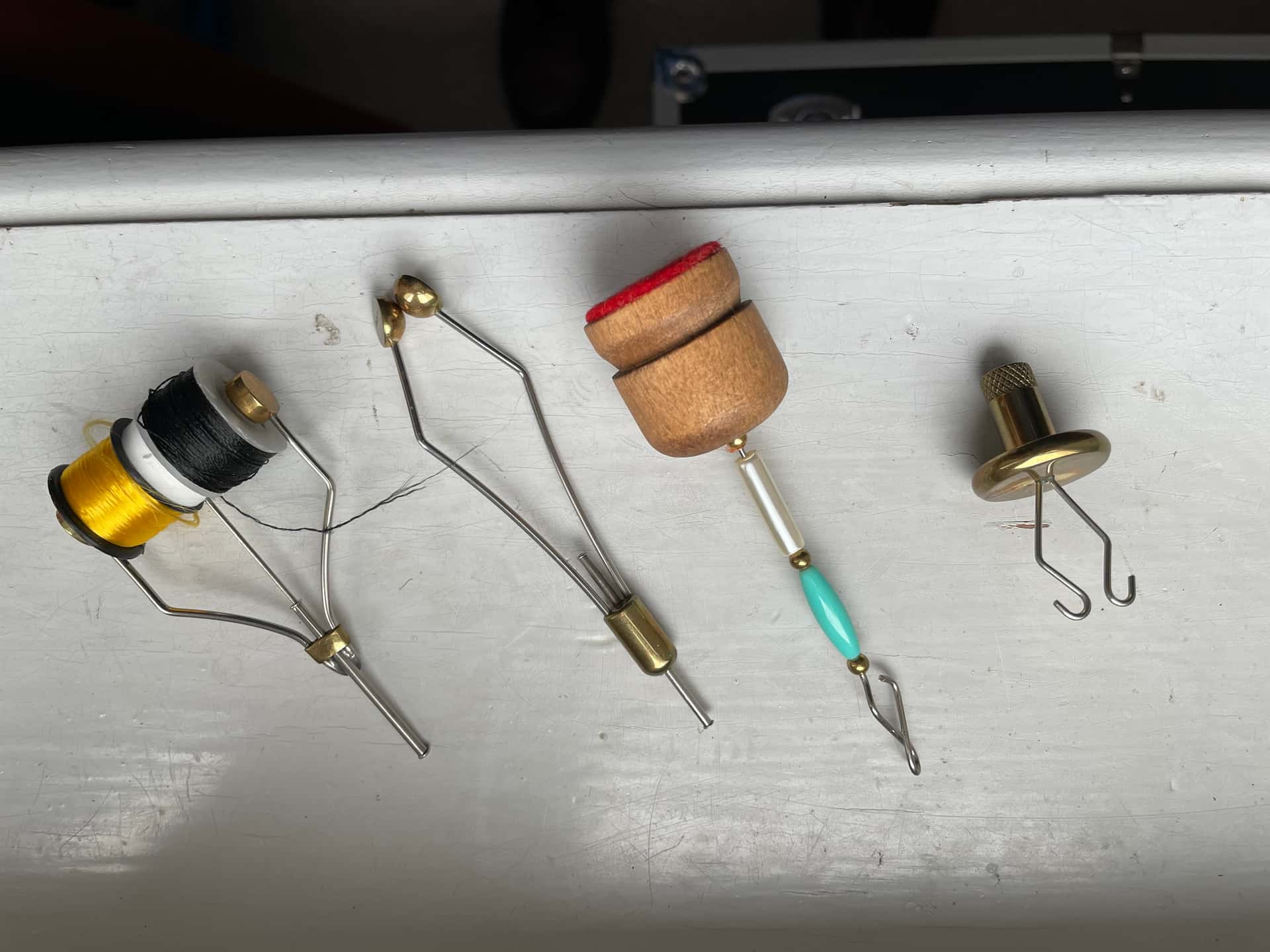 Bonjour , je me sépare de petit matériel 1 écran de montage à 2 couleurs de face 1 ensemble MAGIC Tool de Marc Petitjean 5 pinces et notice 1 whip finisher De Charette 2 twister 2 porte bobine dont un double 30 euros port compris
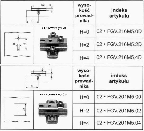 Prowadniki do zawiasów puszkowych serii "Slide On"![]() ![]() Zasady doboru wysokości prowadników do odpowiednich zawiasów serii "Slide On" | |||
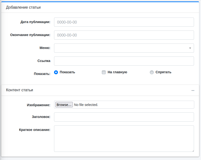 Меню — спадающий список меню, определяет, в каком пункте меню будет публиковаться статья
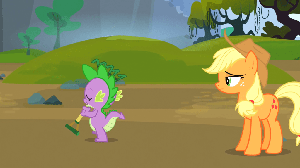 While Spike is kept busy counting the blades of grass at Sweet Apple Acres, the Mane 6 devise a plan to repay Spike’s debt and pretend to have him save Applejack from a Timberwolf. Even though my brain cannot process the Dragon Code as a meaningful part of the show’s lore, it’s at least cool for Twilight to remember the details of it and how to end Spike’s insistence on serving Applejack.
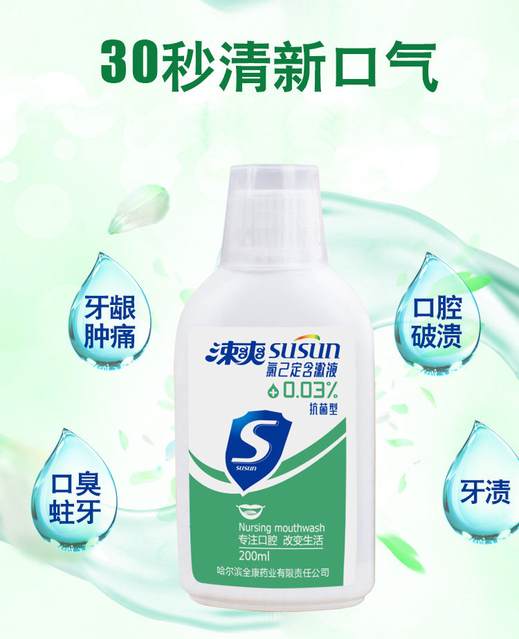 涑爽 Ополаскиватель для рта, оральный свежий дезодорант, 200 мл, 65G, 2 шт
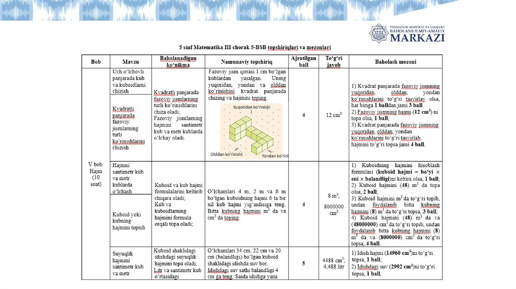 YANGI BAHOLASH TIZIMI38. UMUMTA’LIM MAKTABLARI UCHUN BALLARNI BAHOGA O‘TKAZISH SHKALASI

PROBLEM REQUIREMENTS. All lines from the one holding "涑爽 Ополаскиватель для" through the last line of the records need to be copied exactly, both ends included, and the pictures left behind.

SOLUTION FOR THIS TASK.
 涑爽 Ополаскиватель для рта, оральный свежий дезодорант, 200 мл, 65G, 2 шт
 YANGI BAHOLASH TIZIMI38. UMUMTA’LIM MAKTABLARI UCHUN BALLARNI BAHOGA O‘TKAZISH SHKALASI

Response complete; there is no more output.